Despite the excitement, Shiraine and Barry initially kept their IVF story private. In the Black community especially, infertility and fertility treatments like IVF are still often considered taboo. When they shared the news of their pregnancy with their mothers, the reaction was one of joy—but also caution. Both mothers urged them not to share the fact that they had conceived through IVF publicly, especially not on social media. "They saw it as something that would be embarrassing," Shiraine explains.
But rather than shy away, Shiraine chose to speak out. She shared her experience online, using her Instagram platform (@purpleraine) to open up about what it was like to navigate infertility, IVF and pregnancy.
The response was overwhelming. Women, particularly Black women, reached out with words of gratitude. They thanked her for saying the thing so many are too afraid to say. They told her they felt seen.
Even her mother came around—later telling her how proud she was of her daughter’s bravery.
Shiraine’s courage didn’t just change her own narrative; it helped others reconsider theirs. "It means the world to me to know that my bravery has encouraged others to be brave as well."
When asked what she would say to other Black women or couples who are struggling but hesitant to seek help, her message is simple but powerful: "Take that leap and just try it.

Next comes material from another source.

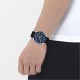 43mm stainless steel case,, navy aluminum bezel, white dial watch on a stainless steel bracelet
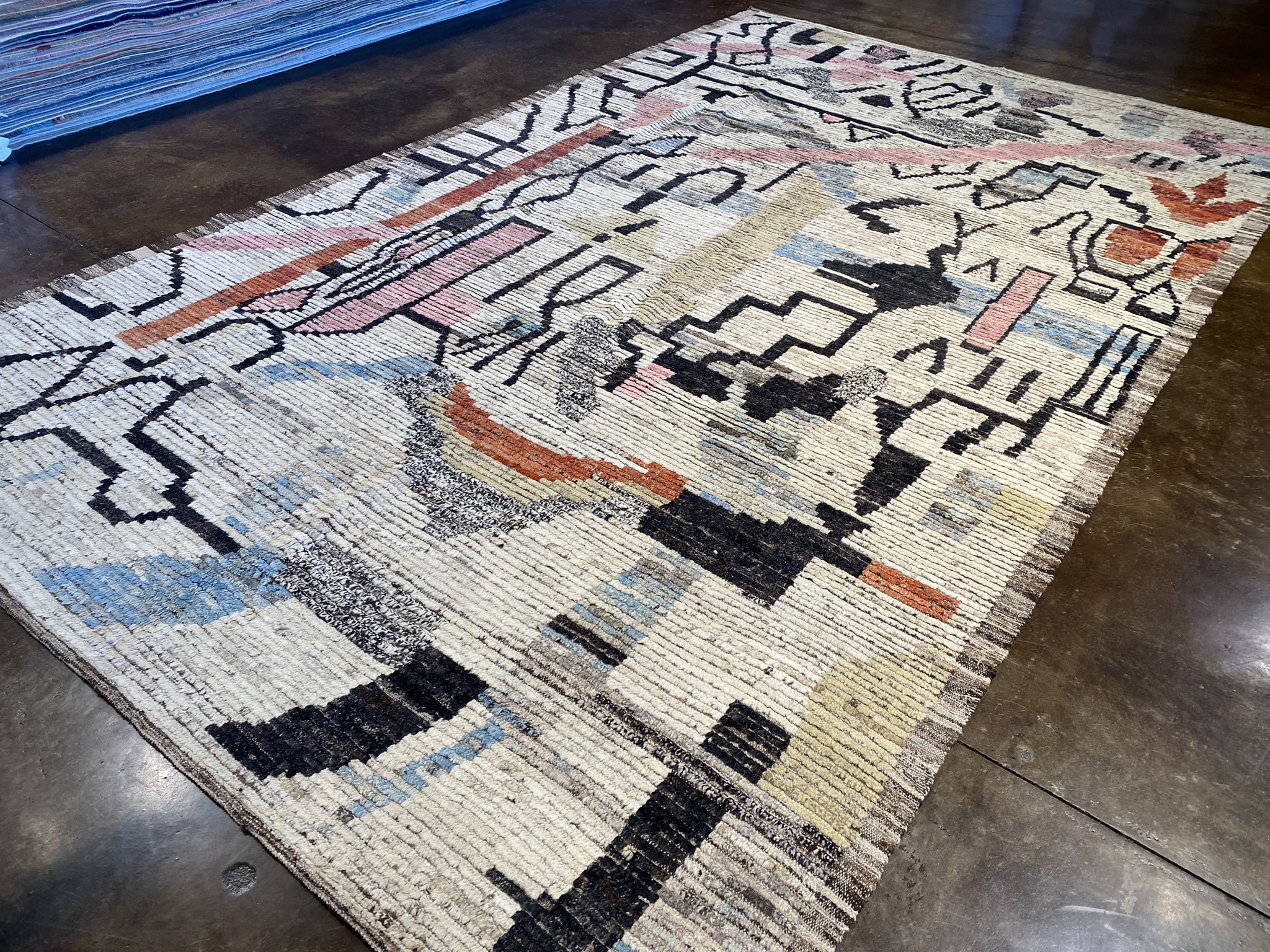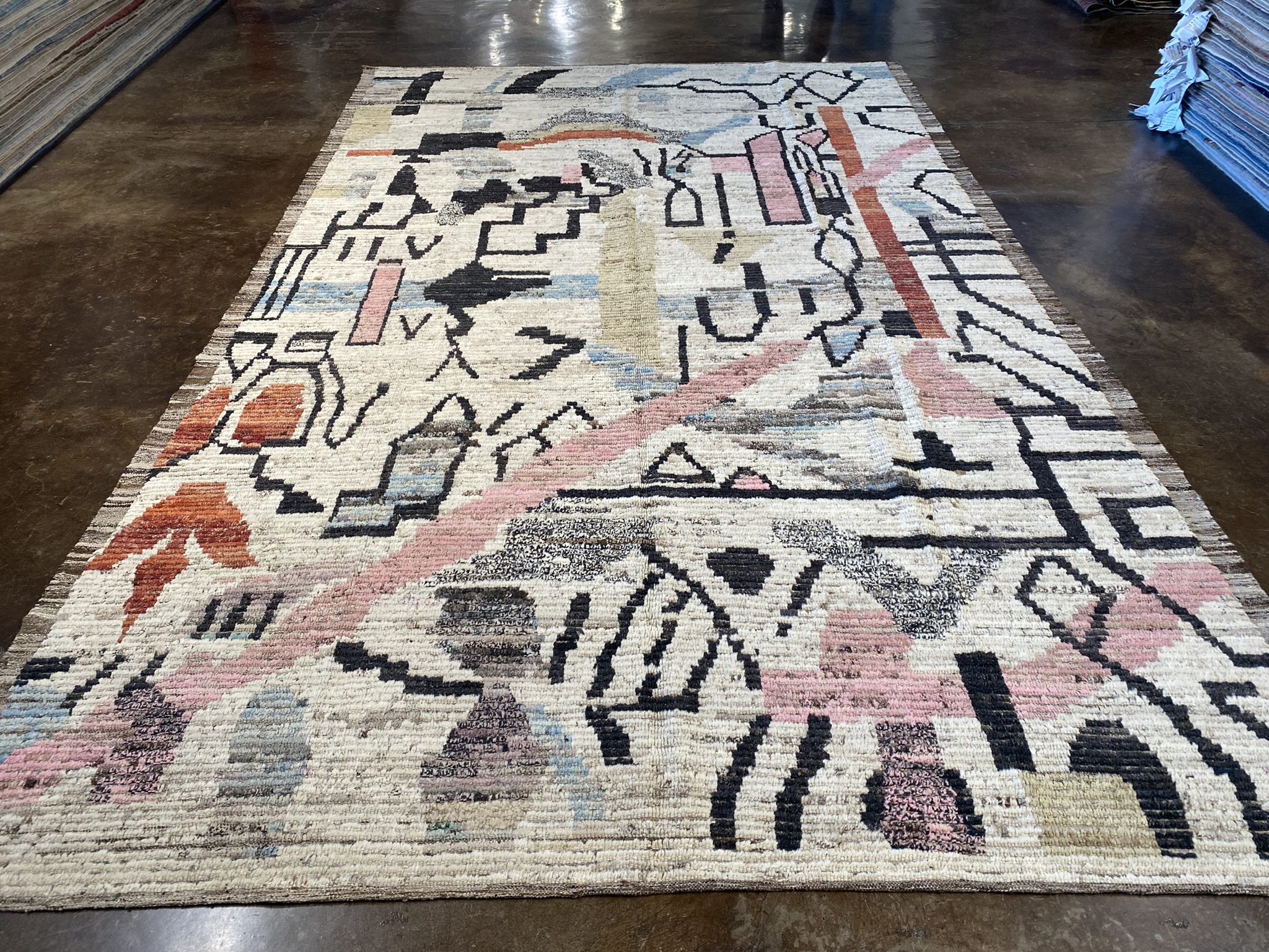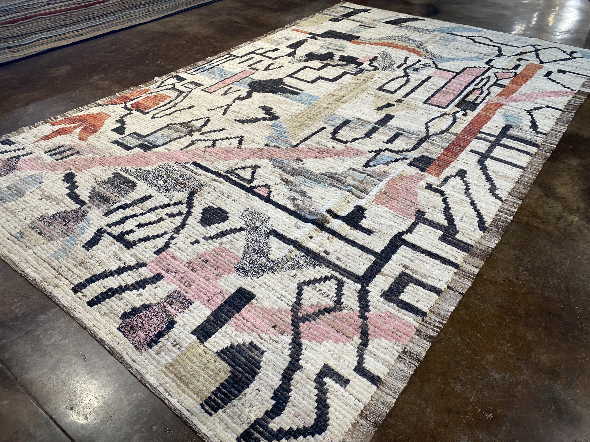 Introduce a strikingly modern touch to your living space with this captivating 7’3″ x 11’8″ MODERN BENI Afghan rug. Boasting an eclectic, contemporary design, this gallery-sized piece features an abstract composition of angular shapes and lines in a sophisticated palette of black, brown, red, blue, tan, and ivory hues. The rug’s pile is meticulously hand-knotted, showcasing the exceptional craftsmanship and rich textile traditions of Afghanistan. The intricate pattern draws the eye across the expansive field, inviting closer inspection of the artful interplay between geometric forms and subtle color variations. Crafted to withstand the test of time, this MODERN BENI rug is a brand new addition to our collection, ensuring you’ll enjoy its beauty and durability for years to come. The generous dimensions provide ample coverage for larger rooms, allowing the design to take center stage and unite the surrounding décor with its bold, adventurous spirit. Elevate your interior with this one-of-a-kind modern masterpiece—a testament to the enduring allure of Afghan rug-making heritage, reimagined for the contemporary home.

The last thing anyone wants is to wonder 'what if.' It’s better to have tried than not to have tried at all."
Her story also sheds light on why the gap in fertility care persists. Shiraine points to stigma, lack of education, limited access to clinics and financial barriers—particularly the lack of insurance coverage—as major reasons many Black women don’t pursue fertility treatment. "Some Black women are simply not familiar with IVF as an option for building a family," she says. Her hope is that by speaking out, that can change.
Dr. Murdock agrees. In our conversation, she emphasized how important it is to dispel myths about fertility care. One major misconception, she says, is that IVF is quick and easy. In reality, it often takes months and comes with a steep emotional and financial cost. But she also notes that in states like Connecticut and New York, insurance mandates are helping improve access.

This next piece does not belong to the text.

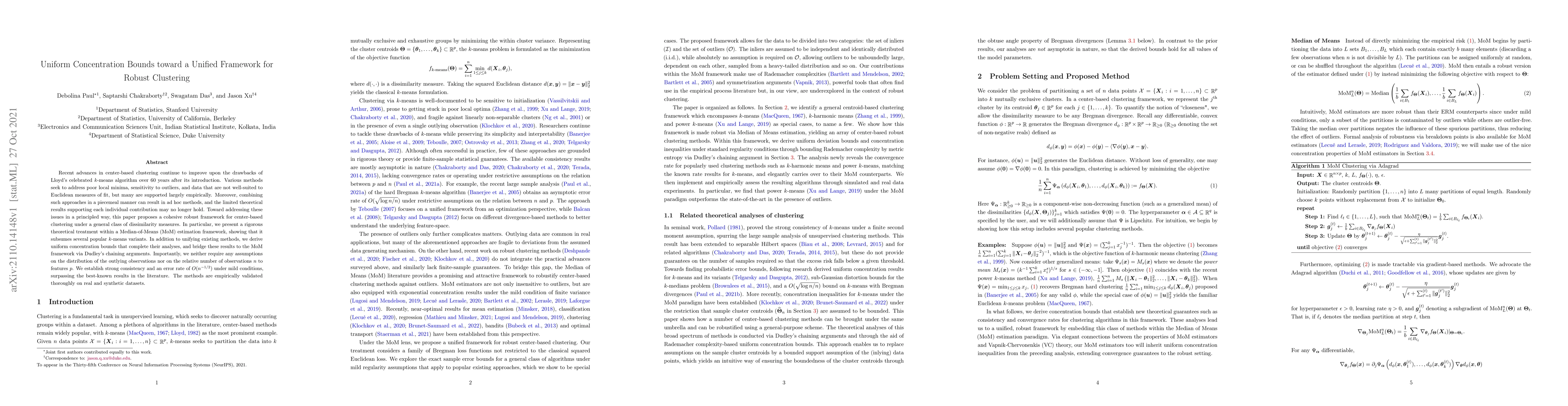 Recent advances in center-based clustering continue to improve upon the drawbacks of Lloyd's celebrated $k$-means algorithm over $60$ years after its introduction. Various methods seek to address poor local minima, sensitivity to outliers, and data that are not well-suited to Euclidean measures of fit, but many are supported largely empirically. Moreover, combining such approaches in a piecemeal manner can result in ad hoc methods, and the limited theoretical results supporting each individual contribution may no longer hold. Toward addressing these issues in a principled way, this paper proposes a cohesive robust framework for center-based clustering under a general class of dissimilarity measures. In particular, we present a rigorous theoretical treatment within a Median-of-Means (MoM) estimation framework, showing that it subsumes several popular $k$-means variants. In addition to unifying existing methods, we derive uniform concentration bounds that complete their analyses, and bridge these results to the MoM framework via Dudley's chaining arguments. Importantly, we neither require any assumptions on the distribution of the outlying observations nor on the relative number of observations $n$ to features $p$. We establish strong consistency and an error rate of $O(n^{-1/2})$ under mild conditions, surpassing the best-known results in the literature. The methods are empirically validated thoroughly on real and synthetic datasets.
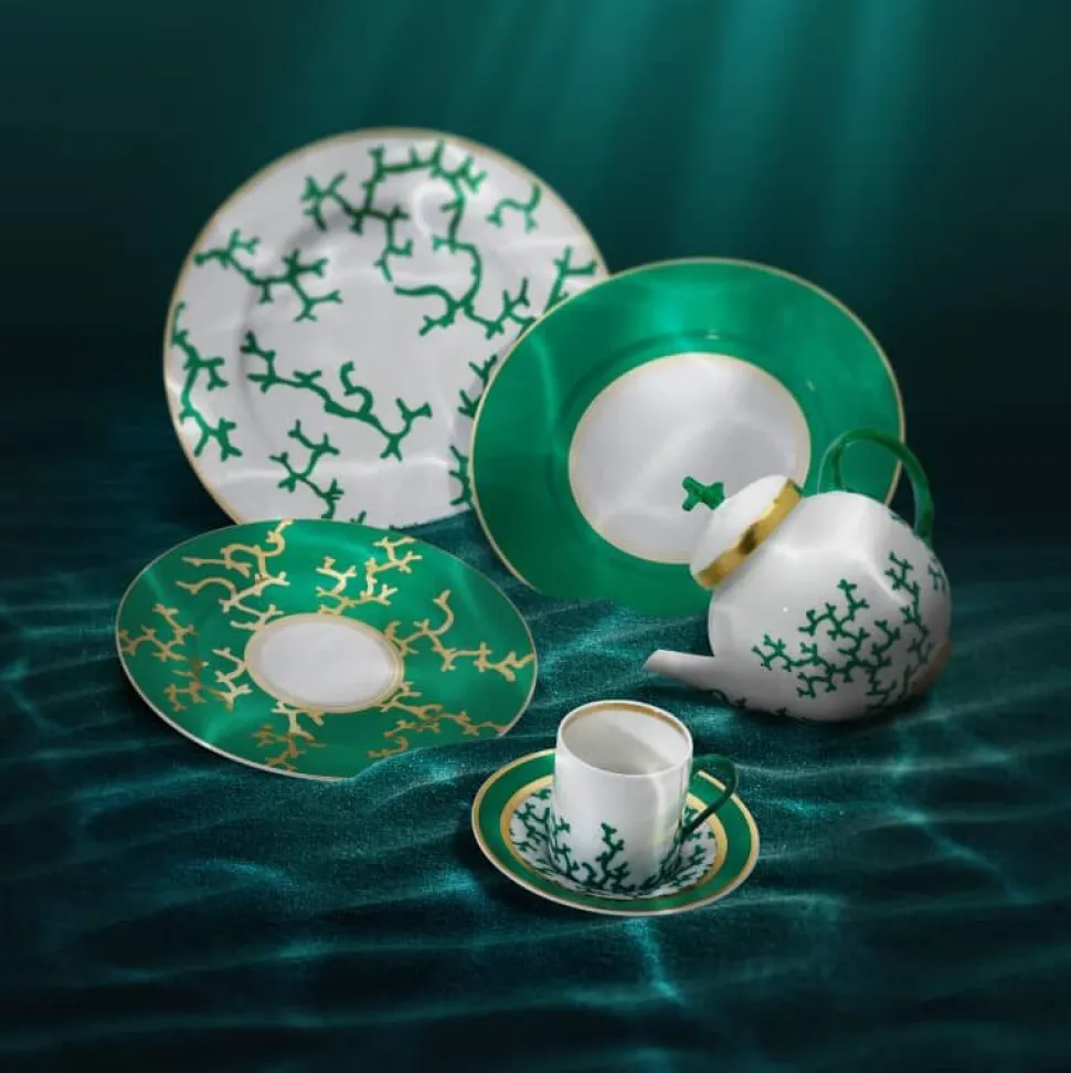Évoquant les mystères des profondeurs marines, cette assiette plate à aile de 22 cm séduit par son graphisme audacieux et la vivacité de son décor corallien, subtilement rehaussé d’un filet or.

She breaks down the IVF process simply: "We stimulate the ovaries to produce multiple eggs with hormone injections, then retrieve those eggs through a short surgical procedure. The eggs are fertilized in a lab and grown into embryos. One is then transferred into the uterus, either fresh or frozen. The entire process—from injections to transfer—can take several weeks."
Dr. Murdock stresses that infertility isn’t just a “woman’s issue.” In heterosexual couples, 40 percent of infertility is male factor, 40 percent is female factor, and 20 percent is a combination of both. "If you’ve been trying for a year without success—or six months if you’re over 35—it’s time to see a specialist," she advises. "And if you’re in a same-sex relationship or planning to be a single parent, don’t wait to explore your options."

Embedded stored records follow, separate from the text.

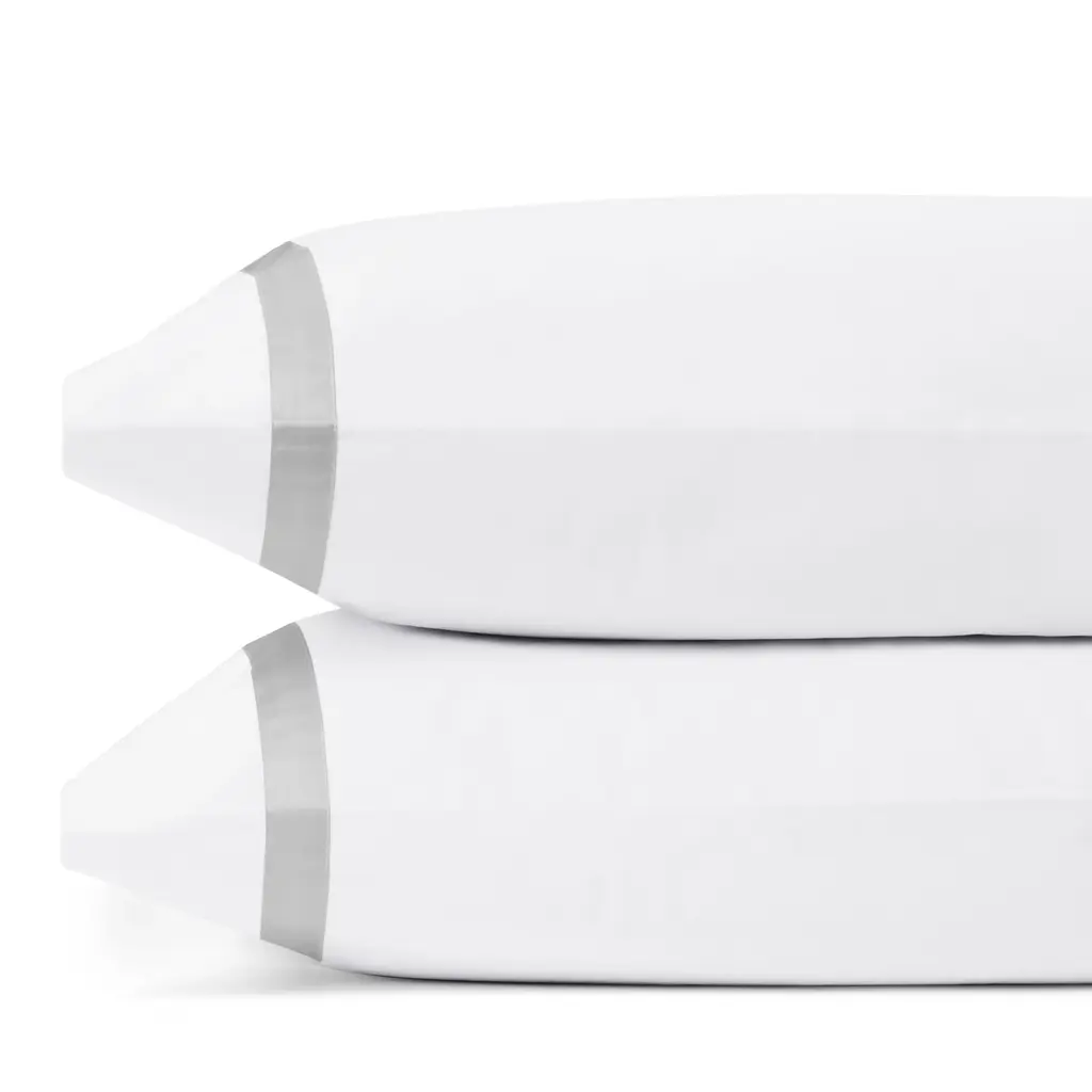 The understated sophistication of Estate's crisp white, Italian-woven long-staple cotton base is an immaculate backdrop for lustrous sateen appliqué detail, beautifully bordering these sheets to create a sense of tailored elegance.
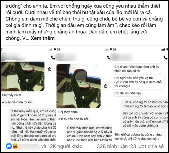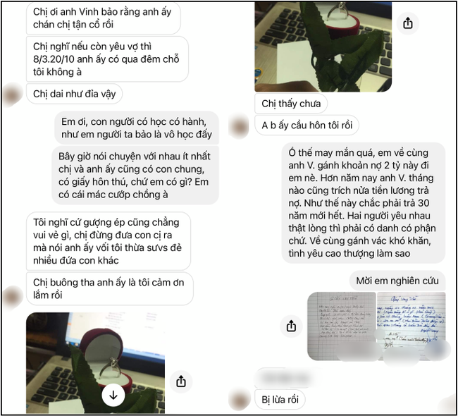 Đi kèm chính là những tin nhắn của cô vợ: “Ồ thế may mắn quá, em về cùng anh V. gánh khoản nợ 2 tỷ này đi em nè. Hơn năm nay anh V. tháng nào cũng trích nửa tiền lương trả nợ. Như thế này chắc phải trả 30 năm mới hết. Hai người yêu nhau thật lòng thì phải có danh có phận chứ. Về cùng gánh vác khó khăn, tình yêu cao thượng làm sao”.
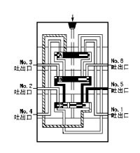 7、流入的潤滑劑推動(dòng)活塞A 向右運動(dòng)、右腔的潤滑劑壓向NO.6吐出口,經(jīng)外部配管送向潤滑點(diǎn)。當活塞A移動(dòng)到至右極限時(shí)返回到初始1狀態(tài),繼續重復上述動(dòng)作。

As for the emotional toll, Dr. Murdock is frank: "The stress of fertility treatment is on par with cancer treatment. It’s incredibly hard." She recommends therapy, support groups, yoga, acupuncture, good nutrition, and above all, community.
That’s what Miscarriage Dialogues is all about. Creating space for community, conversation and connection. So stories like Shiraine and Barry’s don’t live in the shadows. So more people can say, “Me too.”
Shiraine and Barry welcomed their son, Lejend, into the world on December 18, 2022. And every day since, they’ve shown him—and the world—what love and resilience look like.
Let us carry their story forward. Not just to honor their path, but to encourage others on theirs.